[Input]

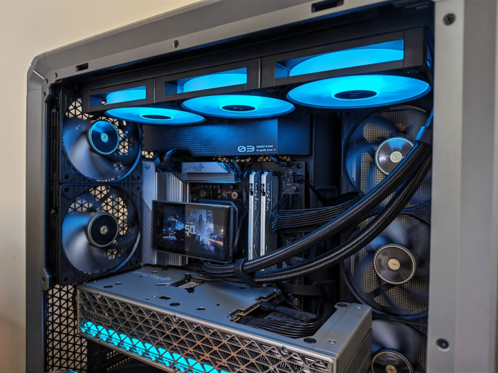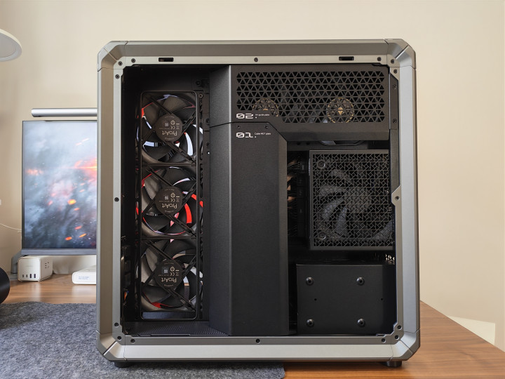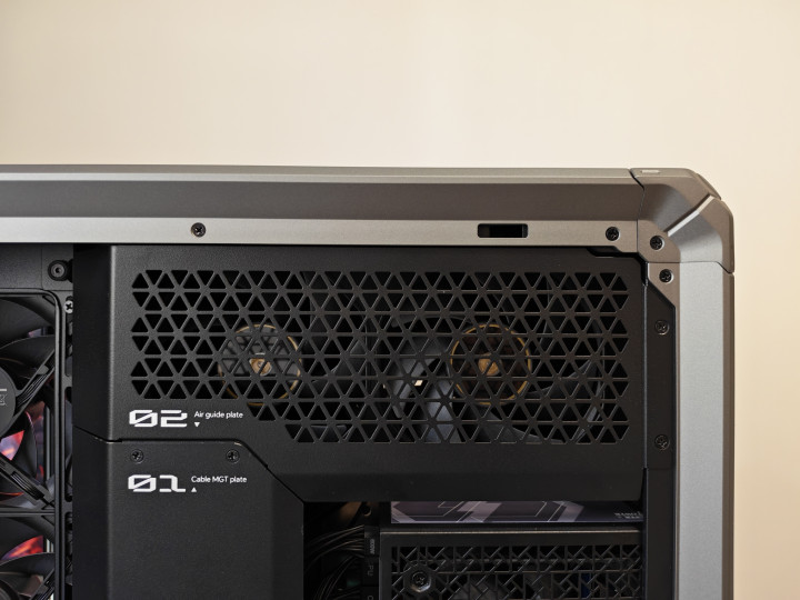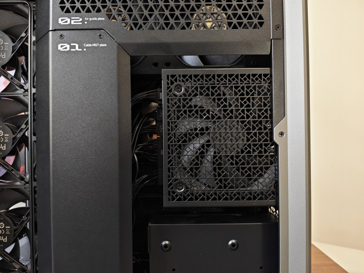双电扇藏于背仓理线挡板下,既不影响理线整洁,又能给主板供电区域元件补充散热,兼顾颜值与性能。
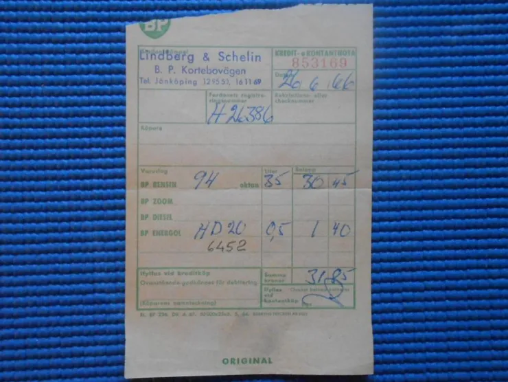 Tradera BP Kvitto bensin. Lindberg & Schelin Kortebovägen Jönköping 1966| Bensinia
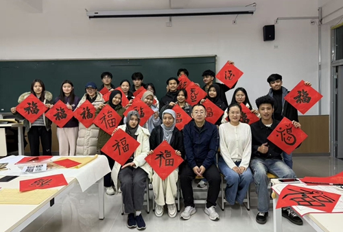 活动现场,11位留学生依次分享了在学校的学习及生活体验,言语间满是收获与自豪。书法课教师匡万利带领留学生们从握笔姿势到沾墨再到书写逐一示范,留学生们执笔蘸墨,一笔一划在红纸上临摹“福”字。随后,匡万利示范指导剪纸技巧,在志愿者的帮助下,留学生们从对折、画样到裁剪专注创作,当红纸展开变成寓意吉祥的窗花时,现场响起阵阵惊叹。活动最后,全体参与者手持作品合影留念。
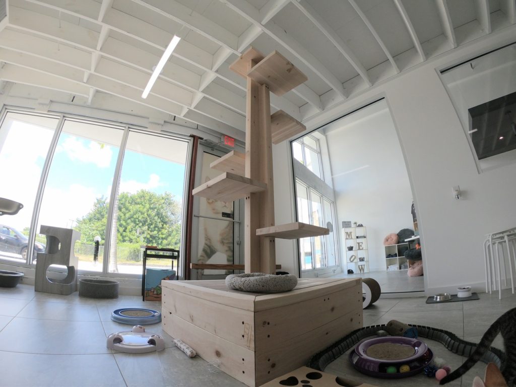 It officially opened on March 7—the grand opening was delayed until June 27 because of the coronavirus pandemic—and features an open space concept outfitted with cat trees, colorful rugs, cat mazes, tunnels and plush seating areas.
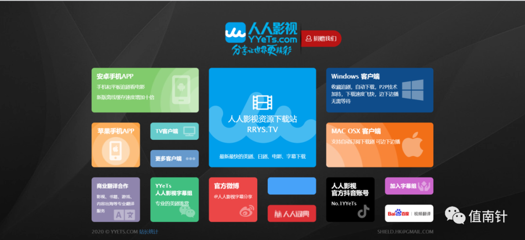 人人影视起初是一个以分享、交流、学习为宗旨的外国影视节目非专业字幕组。前身是2003年由加拿大华裔留学生小鬼神创立YYeTs字幕组,于2006年6月1号正式建立独立论坛,并逐渐成为知名影视站点之一。网站包括动作片、喜剧片和综艺片等十几个频道。喜欢美剧的同学们应该知道,该站是必备的。
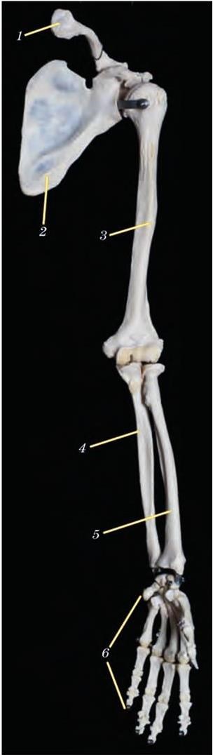 1 – ключица; 2 – лопатка; 3 – плечевая кость; 4 – локтевая кость; 5 – лучевая кость; 6 – кости кисти
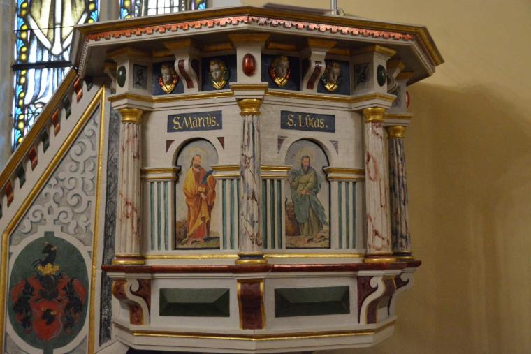 Po zamknięciu skrzydeł bocznych przed oczami modlących jawią się dwie postaci naturalnej wielkości namalowane na desce: Matka Boża Bolesna i Jezus ubiczowany. Zwieńczeniem górnej części ołtarza jest scena pasyjna – Maryja trzyma na rękach ciało umęczonego Syna (pieta). Na uwagę zasługuje też piękna ambona z wizerunkami ewangelistów.
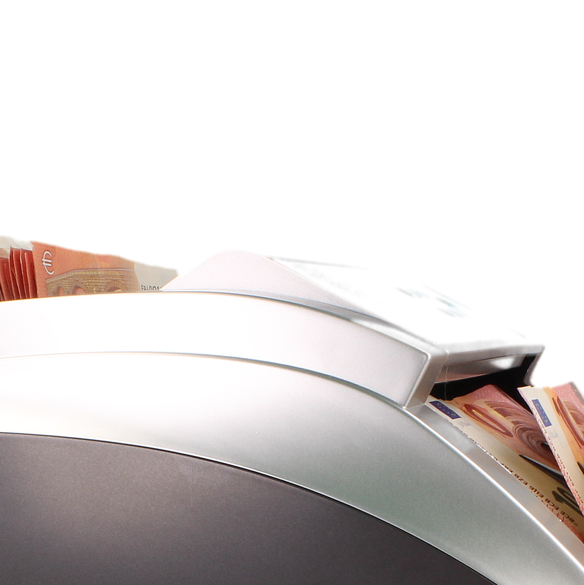 A C105 verifica automaticamente as suas notas para que não aceite falsificações sem valor. Se for detectada uma nota falsa, a C105 pausa automaticamente a contagem e alerta-o com um aviso visual e sonoro. Simplesmente remova a nota suspeita e pressione a tecla "INICIAR" para recomeçar a contagem.
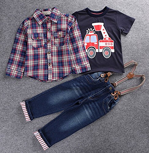 -. Title : Baby Boy Cartoon 3pcs Plaid Shirts +Car P.R.Inting T-Shirt +Jeans Clothing Sets Outfits
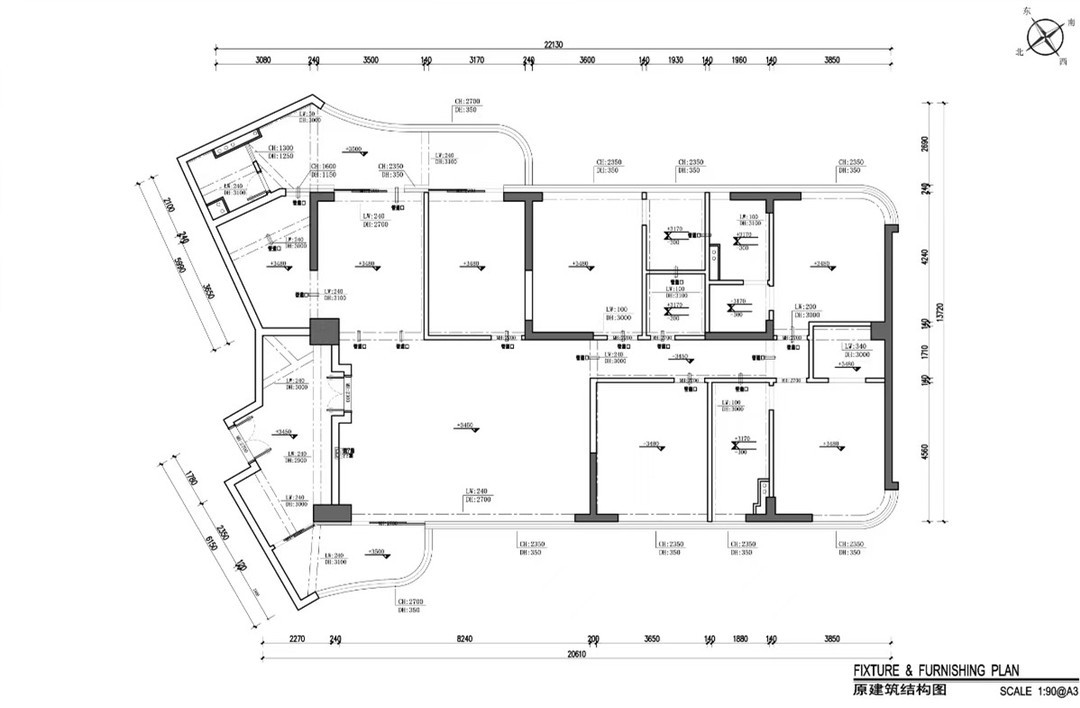 ②客厅的原始结构南北景观特别好,但南北交流性不强,每间房独立隔开缺乏互动
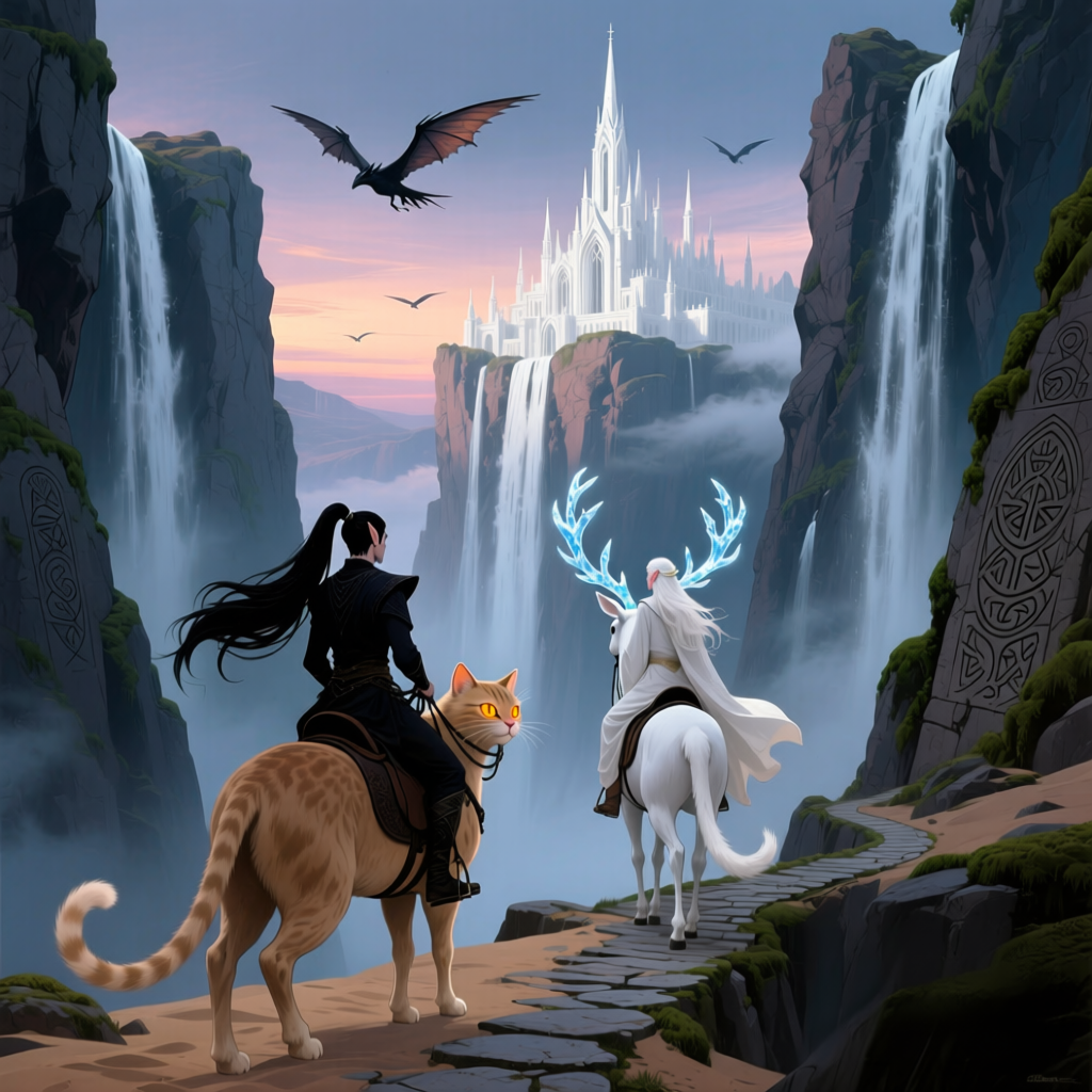 Автор: Котэ-ДетективКотэ не потерялся, опять. Просто пошел учиться рулить машинковой и в голове сплошные дорожные знаки, по этому совсем не бодро пишется. Но в качестве небольшой извиняшки, вот сгенерировала ИИ шечкой немного комиксов к Зову Странствий и иллюстрацию к следующей главе.
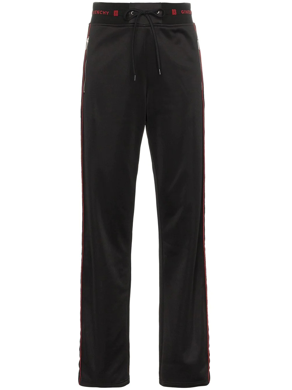 side-stripe logo track pants Black and red side-stripe logo track pants from Givenchy. Imported Composition Outer: Polyester 100% Cotton 75%, Polyester 25% SIZE & FIT Model measurements Height 5 ft 9 in(1.76 m) Bust/Chest 31.49 in(80 cm) Hips 34.64 in(88 cm) Waist 22.83 in(58 cm)
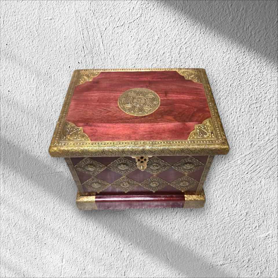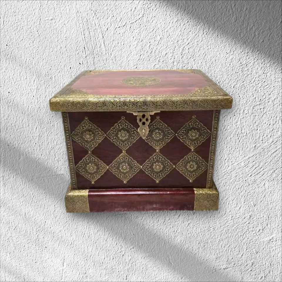 Antique Design Wooden Trunk with Pure Brass Fine Solvent Finish for Jewelry Storage
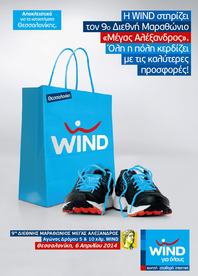 Η WIND, Επίσημος χορηγός της Διοργάνωσης, ονομαστικός χορηγός των 5 και 10χλμ και Πάροχος Τηλεπικοινωνιακών υπηρεσιών της διοργάνωσης, τρέχει με την ομάδα της WIND Running Team για καλό σκοπό, συνδυάζοντας για ακόμα μια φορά τον αθλητισμό με την κοινωνική αλληλεγγύη.
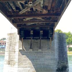 Zwischen 1960 und 1963 wurden die alten gemauerten Pfeiler durch tiefer gegründete, mit Naturstein verkleidete Betonpfeiler ersetzt, da durch den Kraftwerksneubau in Bad Säckingen der Wasserspiegel um mehr als drei Meter sank und die Flusssohle vertieft wurde. Im Jahr 2014 wurde im Rahmen einer Sanierung bekannt, dass die steinernen Brückenpfeiler bis in den Oktober 2014 dauerhaft mit Sprengstoff bestückt waren. Die Schweizer Armee hätte so im Verteidigungsfall nur Zünder einsetzen müssen, um die Brücke zu sprengen. Zuletzt war eine Sprengladung von vermutlich mehreren hundert Kilogramm TNT in die Brücke verbaut.

[/Input]

■ Prompt: Your copy should match the records word for word, with the pictures removed.

■ Task output:
双电扇藏于背仓理线挡板下,既不影响理线整洁,又能给主板供电区域元件补充散热,兼顾颜值与性能。
 Tradera BP Kvitto bensin. Lindberg & Schelin Kortebovägen Jönköping 1966| Bensinia
 活动现场,11位留学生依次分享了在学校的学习及生活体验,言语间满是收获与自豪。书法课教师匡万利带领留学生们从握笔姿势到沾墨再到书写逐一示范,留学生们执笔蘸墨,一笔一划在红纸上临摹“福”字。随后,匡万利示范指导剪纸技巧,在志愿者的帮助下,留学生们从对折、画样到裁剪专注创作,当红纸展开变成寓意吉祥的窗花时,现场响起阵阵惊叹。活动最后,全体参与者手持作品合影留念。
 It officially opened on March 7—the grand opening was delayed until June 27 because of the coronavirus pandemic—and features an open space concept outfitted with cat trees, colorful rugs, cat mazes, tunnels and plush seating areas.
 人人影视起初是一个以分享、交流、学习为宗旨的外国影视节目非专业字幕组。前身是2003年由加拿大华裔留学生小鬼神创立YYeTs字幕组,于2006年6月1号正式建立独立论坛,并逐渐成为知名影视站点之一。网站包括动作片、喜剧片和综艺片等十几个频道。喜欢美剧的同学们应该知道,该站是必备的。
 1 – ключица; 2 – лопатка; 3 – плечевая кость; 4 – локтевая кость; 5 – лучевая кость; 6 – кости кисти
 Po zamknięciu skrzydeł bocznych przed oczami modlących jawią się dwie postaci naturalnej wielkości namalowane na desce: Matka Boża Bolesna i Jezus ubiczowany. Zwieńczeniem górnej części ołtarza jest scena pasyjna – Maryja trzyma na rękach ciało umęczonego Syna (pieta). Na uwagę zasługuje też piękna ambona z wizerunkami ewangelistów.
 A C105 verifica automaticamente as suas notas para que não aceite falsificações sem valor. Se for detectada uma nota falsa, a C105 pausa automaticamente a contagem e alerta-o com um aviso visual e sonoro. Simplesmente remova a nota suspeita e pressione a tecla "INICIAR" para recomeçar a contagem.
 -. Title : Baby Boy Cartoon 3pcs Plaid Shirts +Car P.R.Inting T-Shirt +Jeans Clothing Sets Outfits
 ②客厅的原始结构南北景观特别好,但南北交流性不强,每间房独立隔开缺乏互动
 Автор: Котэ-ДетективКотэ не потерялся, опять. Просто пошел учиться рулить машинковой и в голове сплошные дорожные знаки, по этому совсем не бодро пишется. Но в качестве небольшой извиняшки, вот сгенерировала ИИ шечкой немного комиксов к Зову Странствий и иллюстрацию к следующей главе.
 side-stripe logo track pants Black and red side-stripe logo track pants from Givenchy. Imported Composition Outer: Polyester 100% Cotton 75%, Polyester 25% SIZE & FIT Model measurements Height 5 ft 9 in(1.76 m) Bust/Chest 31.49 in(80 cm) Hips 34.64 in(88 cm) Waist 22.83 in(58 cm)
 Antique Design Wooden Trunk with Pure Brass Fine Solvent Finish for Jewelry Storage
 Η WIND, Επίσημος χορηγός της Διοργάνωσης, ονομαστικός χορηγός των 5 και 10χλμ και Πάροχος Τηλεπικοινωνιακών υπηρεσιών της διοργάνωσης, τρέχει με την ομάδα της WIND Running Team για καλό σκοπό, συνδυάζοντας για ακόμα μια φορά τον αθλητισμό με την κοινωνική αλληλεγγύη.
 Zwischen 1960 und 1963 wurden die alten gemauerten Pfeiler durch tiefer gegründete, mit Naturstein verkleidete Betonpfeiler ersetzt, da durch den Kraftwerksneubau in Bad Säckingen der Wasserspiegel um mehr als drei Meter sank und die Flusssohle vertieft wurde. Im Jahr 2014 wurde im Rahmen einer Sanierung bekannt, dass die steinernen Brückenpfeiler bis in den Oktober 2014 dauerhaft mit Sprengstoff bestückt waren. Die Schweizer Armee hätte so im Verteidigungsfall nur Zünder einsetzen müssen, um die Brücke zu sprengen. Zuletzt war eine Sprengladung von vermutlich mehreren hundert Kilogramm TNT in die Brücke verbaut.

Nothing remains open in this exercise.